London Fashion Week starts in less than 24 hours, but, rather than doing a preview of my favourite designers who will present their new collections this week, I want to focus on three young designers that yesterday took part in the “Fashion In Motion” live catwalk event at London’s Victoria & Albert Museum. Entitled “Next Fashion in Motion”, the event featured the work of three new designers, all graduates of Central Saint Martins, Kinga Malisz, Felipe Rojas-Llanos and Alithia Spuri-Zampetti. The three young designers are dramatically different one from the other, yet they are all equally talented.

Kinga Malisz’s graduate collection featured tight fitting nude dresses wrapped up in clouds of transparent black fabric that at times created an elegant effect, at others rigidly wrapped the body, creating architectural motifs and wing-like structures. Forming cocoon-like shapes, the black fabric gave new volume to the outfits.
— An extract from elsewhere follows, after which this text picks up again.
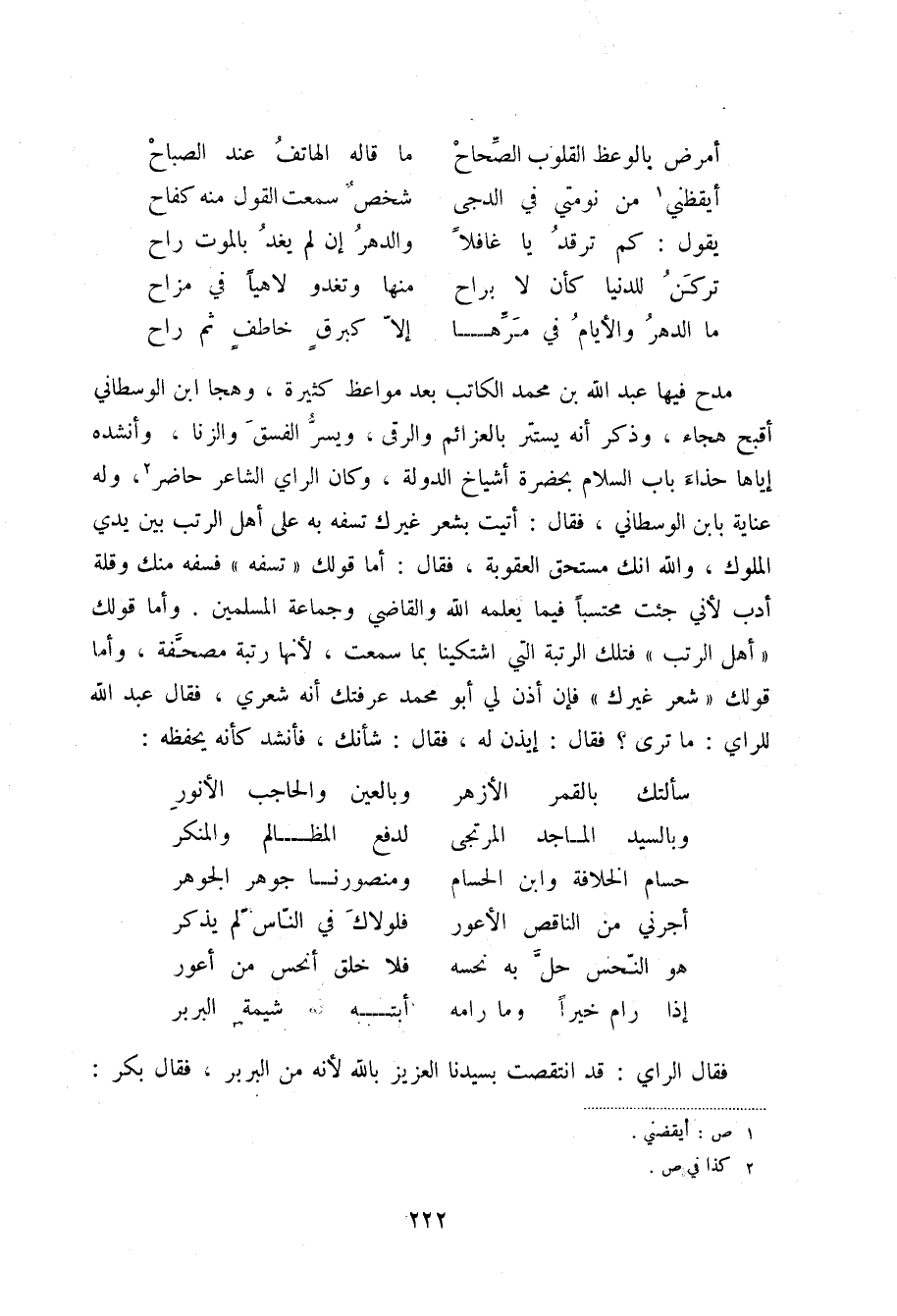 ما الدهر والأيام في مرّها ... إلاّ كبرقٍ خاطفٍ ثم راح مدح فيها عبد الله بن محمد الكاتب بعد مواعظ كثيرة، وهجا ابن الوسطاني أقبح هجاء، وذكر أنه يستتر بالعزائم والرقى، ويسر الفسق والزنا، وأنشده إياها حذاء باب السلام بحضرة أشياخ الدولة، وكان الراي الشاعر حاضر (2) ، وله عناية بابن الوسطاني، فقال: أتيت بشعر غيرك تسفه به على أهل الرتب بين يدي الملوك، والله إنك مستحق العقوبة، فقال: أما قولك تسفه فسفه منك وقلة أدب لأني جئت محتسباً فيما يعلمه الله والقاضي وجماعة المسلمين. وأما قولك أهل الرتب فتلك الرتبة التي اشتكينا بما سمعت، لأنها رتبة مصحفة، وأما قولك شعر غيرك فإن أذن لي أبو محمد عرفتك أنه شعري، فقال عبد الله للراي: ما ترى؟ فقال: إيذن له، فقال: شأنك، فأنشد كأنه يحفظه:

Felipe Rojas-Llanos was instead inspired by the story of “The Little Prince”, creating a linear menswear collection featuring formal black outfits, jackets and cropped trousers with coloured details and accessories in yellow, purple and blue. Rojas-Llanos seems to draw his inspirations from Jil Sanders’ clean-cut and precise creations.
The winner of the 2008 L’Oréal Professionnel Award and the recipient of the ITS7 Maria Luisa Award, Alithia Spuri-Zampetti favours block coloured suits, dresses and skirts that she presented with huge cut-out foam headdresses with graphic details.

A while back the young designer did placements as assistant at Gareth Pugh, Alexander McQueen and Viktor & Rolf and she somehow seems to have absorbed Pugh’s quirkiness, McQueen’s theatricality and V&R’s originality, mixing them all with her own inspirations. In her graduate collection, Spuri-Zampetti was inspired by the flower motifs of the Japanese Furisode, a colourful style of kimonos, mixing them with ’50s silhouettes, high-waisted pencil skirts and sculpted dresses with bold shoulders and voluminous sleeves.

The colourful stylised elements from kimonos are mixed with the complex three-dimensional paths of Tadao Ando’s architectures, creating a sort of oxymoronic effect between fragile and solid elements, while the precise graphic patterns featuring geometric shapes seem to jump out of the outfits. Alithia Spuri-Zampetti will present her collection in Paris at Maria Luisa Boutique in October.
In the meantime, we can only hope that the London Fashion Week catwalks will bring on the same great ideas, quality and cutting-edge experimentation that these young designers have introduced into their collections.